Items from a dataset
***
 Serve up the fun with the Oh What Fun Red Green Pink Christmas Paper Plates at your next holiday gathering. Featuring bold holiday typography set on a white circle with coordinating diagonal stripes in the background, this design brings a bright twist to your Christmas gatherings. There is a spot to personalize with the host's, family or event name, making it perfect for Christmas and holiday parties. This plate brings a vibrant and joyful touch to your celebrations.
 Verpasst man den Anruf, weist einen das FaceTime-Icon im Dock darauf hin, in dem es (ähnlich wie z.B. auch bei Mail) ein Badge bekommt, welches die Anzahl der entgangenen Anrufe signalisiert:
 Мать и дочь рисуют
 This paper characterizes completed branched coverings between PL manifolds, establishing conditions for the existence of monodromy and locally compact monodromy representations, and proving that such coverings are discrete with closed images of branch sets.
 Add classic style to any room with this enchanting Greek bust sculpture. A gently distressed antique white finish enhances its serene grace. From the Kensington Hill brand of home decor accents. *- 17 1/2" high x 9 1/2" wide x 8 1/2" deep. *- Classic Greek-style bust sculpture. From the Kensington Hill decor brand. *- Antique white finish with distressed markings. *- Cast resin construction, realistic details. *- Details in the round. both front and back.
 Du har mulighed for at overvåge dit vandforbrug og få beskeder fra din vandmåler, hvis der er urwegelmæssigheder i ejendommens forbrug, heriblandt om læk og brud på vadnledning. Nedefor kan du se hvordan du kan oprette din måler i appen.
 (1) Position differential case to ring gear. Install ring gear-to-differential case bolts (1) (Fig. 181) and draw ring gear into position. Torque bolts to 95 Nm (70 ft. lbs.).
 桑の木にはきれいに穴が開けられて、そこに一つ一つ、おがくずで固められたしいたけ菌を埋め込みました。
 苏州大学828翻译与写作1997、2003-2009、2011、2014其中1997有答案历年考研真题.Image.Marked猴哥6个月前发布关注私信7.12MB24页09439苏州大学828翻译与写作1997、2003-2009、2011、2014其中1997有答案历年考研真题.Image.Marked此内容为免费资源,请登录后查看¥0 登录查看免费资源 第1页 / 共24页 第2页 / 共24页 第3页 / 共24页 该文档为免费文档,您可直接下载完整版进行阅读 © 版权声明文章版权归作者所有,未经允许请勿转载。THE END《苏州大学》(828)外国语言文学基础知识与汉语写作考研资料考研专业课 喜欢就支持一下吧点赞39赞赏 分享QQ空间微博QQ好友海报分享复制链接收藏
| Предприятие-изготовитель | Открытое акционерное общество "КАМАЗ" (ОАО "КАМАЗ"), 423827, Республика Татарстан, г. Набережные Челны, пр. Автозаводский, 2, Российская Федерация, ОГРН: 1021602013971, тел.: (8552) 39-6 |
***
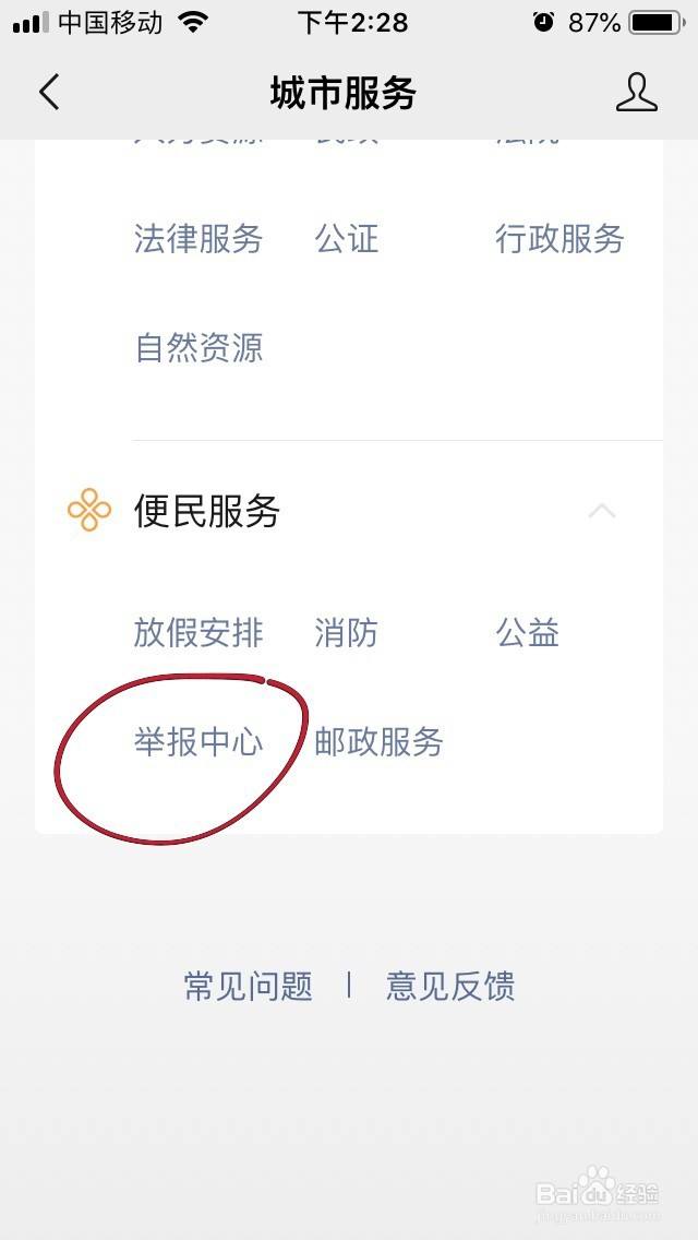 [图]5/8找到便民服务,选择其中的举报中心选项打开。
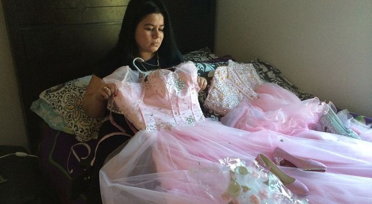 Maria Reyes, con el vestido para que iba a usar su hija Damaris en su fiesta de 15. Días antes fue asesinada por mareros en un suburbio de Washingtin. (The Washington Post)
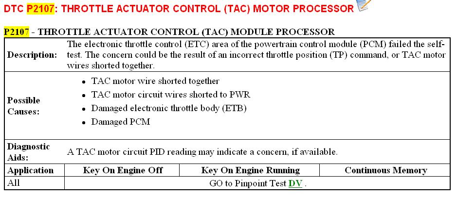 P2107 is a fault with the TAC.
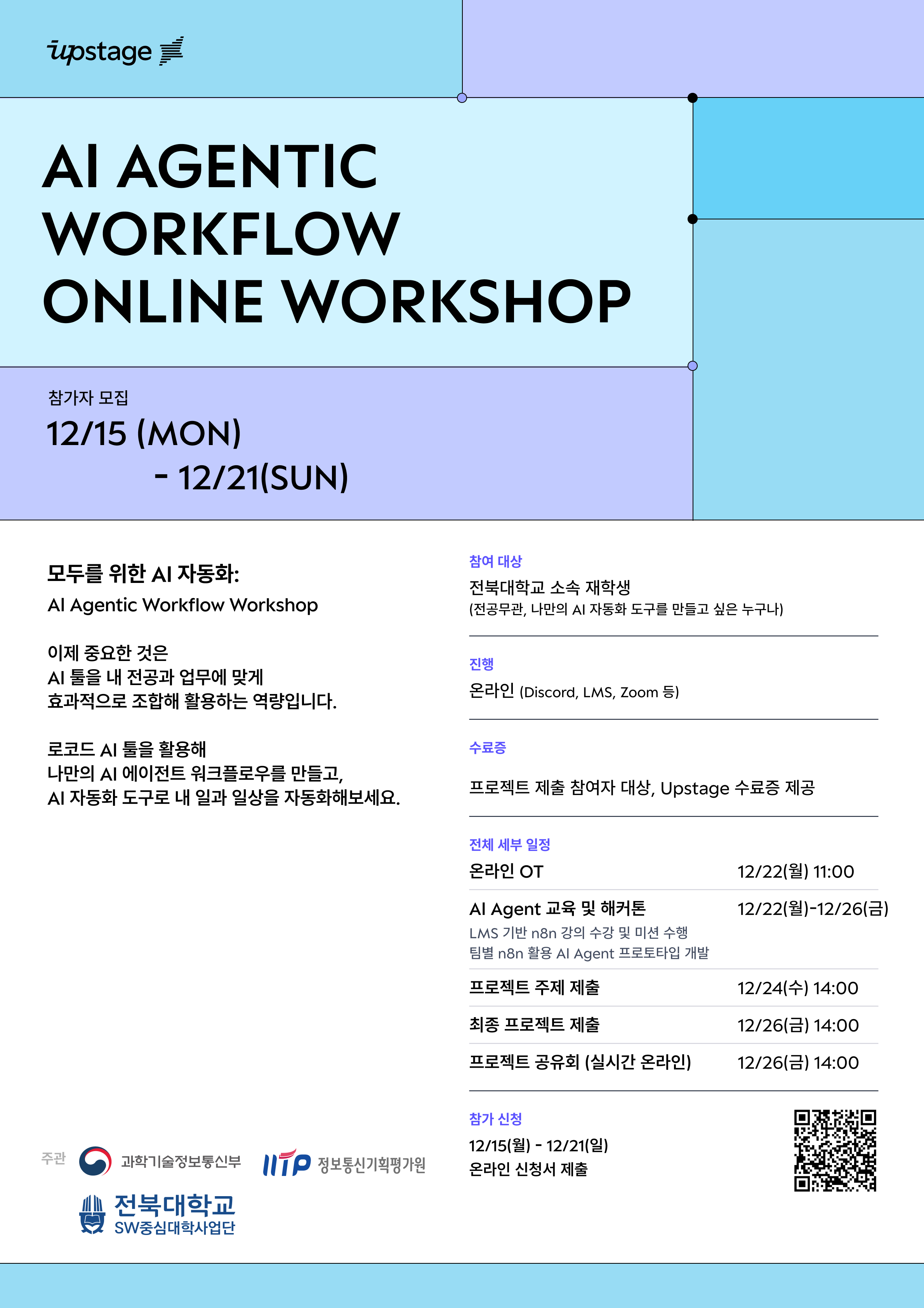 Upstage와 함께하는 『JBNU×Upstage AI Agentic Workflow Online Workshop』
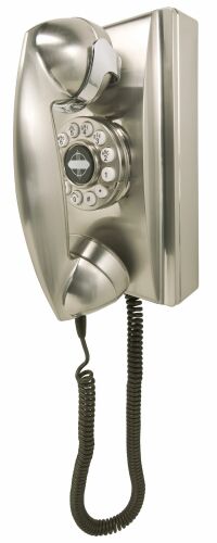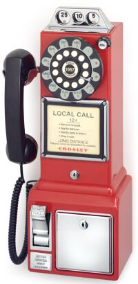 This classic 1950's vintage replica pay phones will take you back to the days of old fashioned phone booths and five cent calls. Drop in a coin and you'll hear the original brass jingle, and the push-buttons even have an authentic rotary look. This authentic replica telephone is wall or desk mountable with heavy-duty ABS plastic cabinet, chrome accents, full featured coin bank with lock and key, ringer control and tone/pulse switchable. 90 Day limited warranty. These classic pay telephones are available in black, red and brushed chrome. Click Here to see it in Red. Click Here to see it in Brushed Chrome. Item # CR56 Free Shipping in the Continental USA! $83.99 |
***
Only one stretch of the records above is wanted: the lines between the one holding "Serve up the" and the one holding "This paper characterizes", inclusive, reproduced exactly.

 Serve up the fun with the Oh What Fun Red Green Pink Christmas Paper Plates at your next holiday gathering. Featuring bold holiday typography set on a white circle with coordinating diagonal stripes in the background, this design brings a bright twist to your Christmas gatherings. There is a spot to personalize with the host's, family or event name, making it perfect for Christmas and holiday parties. This plate brings a vibrant and joyful touch to your celebrations.
 Verpasst man den Anruf, weist einen das FaceTime-Icon im Dock darauf hin, in dem es (ähnlich wie z.B. auch bei Mail) ein Badge bekommt, welches die Anzahl der entgangenen Anrufe signalisiert:
 Мать и дочь рисуют
 This paper characterizes completed branched coverings between PL manifolds, establishing conditions for the existence of monodromy and locally compact monodromy representations, and proving that such coverings are discrete with closed images of branch sets.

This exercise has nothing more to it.